1993 Sexually Transmitted Diseases Treatment Guidelines


09/24/1993

SUGGESTED CITATION
Centers for Disease Control and Prevention. 1993 Sexually
transmitted diseases treatment guidelines. MMWR 1993;42(No. RR-14):
{inclusive page numbers}.

CIO Responsible for this publication:
National Center for Prevention Services,
Division of Sexually Transmitted Diseases and HIV Prevention

Syphilis During Pregnancy
     
     All women should be screened serologically for syphilis during
the early stages of pregnancy. In populations in which utilization
of prenatal care is not optimal, RPR-card test screening and
treatment, if that test is reactive, should be performed at the
time a pregnancy is diagnosed. In communities and populations with
high syphilis prevalence or for patients at high risk, serologic
testing should be repeated during the third trimester and again at
delivery. (Some states mandate screening at delivery for all
women.) Any woman who delivers a stillborn infant after 20 weeks
gestation should be tested for syphilis. No infant should leave the
hospital without the serologic status of the infant's mother having
been determined at least once during pregnancy.

Diagnostic Considerations
     Seropositive pregnant women should be considered infected
unless treatment history is clearly documented in a medical or
health department record and sequential serologic antibody titers
have appropriately declined.

Treatment
     Penicillin is effective for preventing transmission to fetuses
and for treating established infection among fetuses. Evidence is
insufficient, however, to determine whether the specific,
recommended penicillin regimens are optimal.

Recommended Regimens -
     Treatment during pregnancy should be the penicillin regimen
     appropriate for the woman's stage of syphilis. Some experts
     recommend additional therapy (e.g., a second dose of benzathine
     penicillin 2.4 million units IM) 1 week after the initial dose,
     particularly for those women in the third trimester of pregnancy
     and for women who have secondary syphilis during pregnancy.

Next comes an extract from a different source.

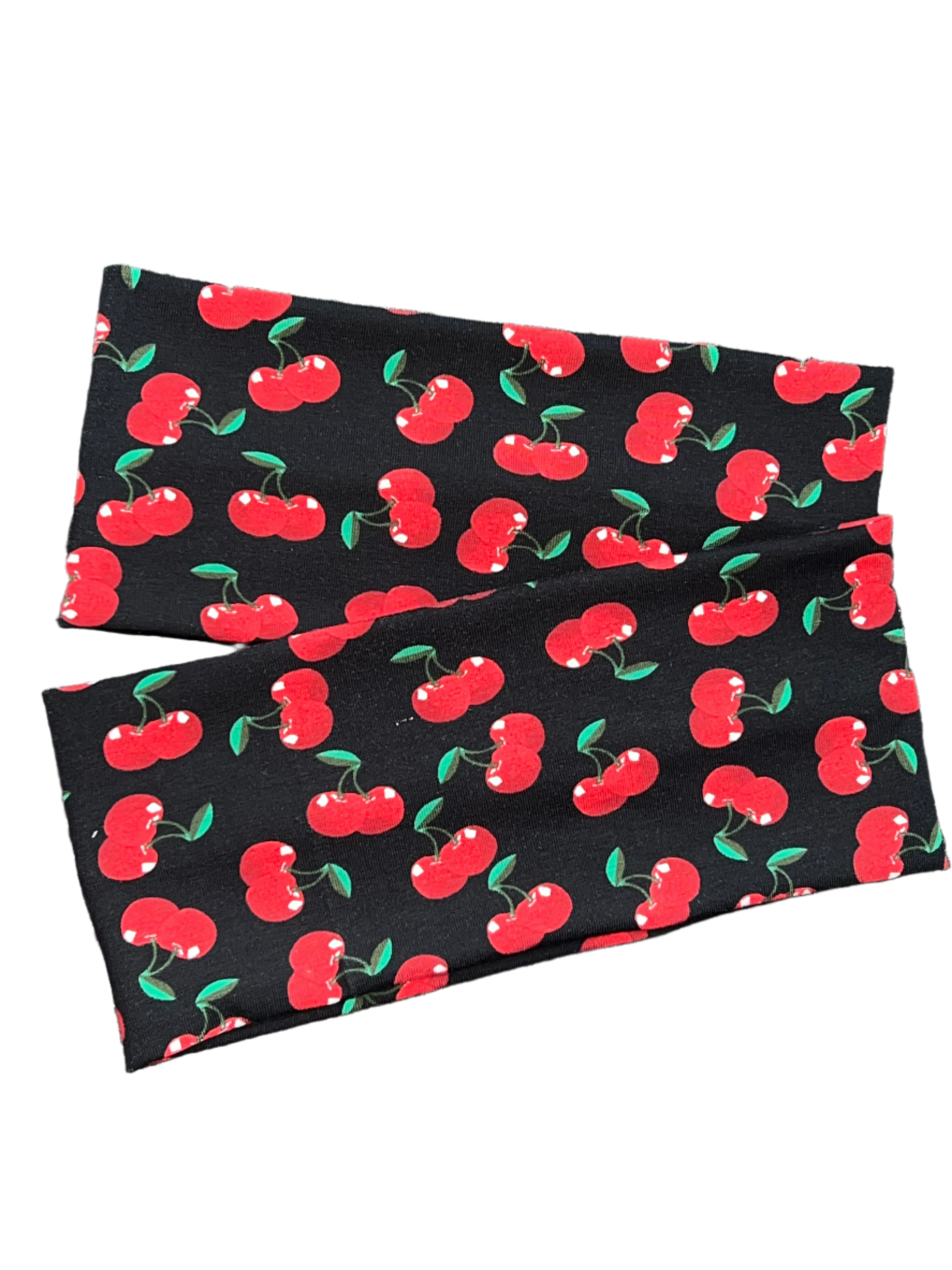 "Elegant pannebånd med kirsebærmotiv i myk bomull. Friskt og fargerikt design, perfekt for vår og sommer. Passer barn og liten voksen. Kjøp nå!"Komfort, Stil og Beskyttelse for Kjølige Dager

Other Management Considerations
     Women who are treated for syphilis during the second half of
pregnancy are at risk for premature labor or fetal distress, or
both, if their treatment precipitates the Jarisch-Herxheimer
reaction. These women should be advised to seek medical attention
following treatment if they notice any change in fetal movements or
if they have contractions. Stillbirth is a rare complication of
treatment; however, since therapy is necessary to prevent further
fetal damage, that concern should not delay treatment. All patients
with syphilis should be tested for HIV.

Follow-Up
     Serologic titers should be checked monthly until adequacy of
treatment has been assured. The antibody response should be
appropriate for the stage of disease.

Management of Sex Partners
     Refer to General Principles, Management of Sex Partners.

Special Considerations

Penicillin Allergy -
     There are no proven alternatives to penicillin. A pregnant
woman with a history of penicillin allergy should be treated with
penicillin, after desensitization, if necessary. Skin testing may
be helpful for some patients and in some settings (see Management
of the Patient With a History of Penicillin Allergy).
Tetracycline and doxycycline are contraindicated during pregnancy.
Erythromycin should not be used because it cannot be relied upon to
cure an infected fetus.



This page last reviewed: Monday, February 01, 2016
This information is provided as technical reference material. Please contact us at cwus@cdc.gov to request a simple text version of this document.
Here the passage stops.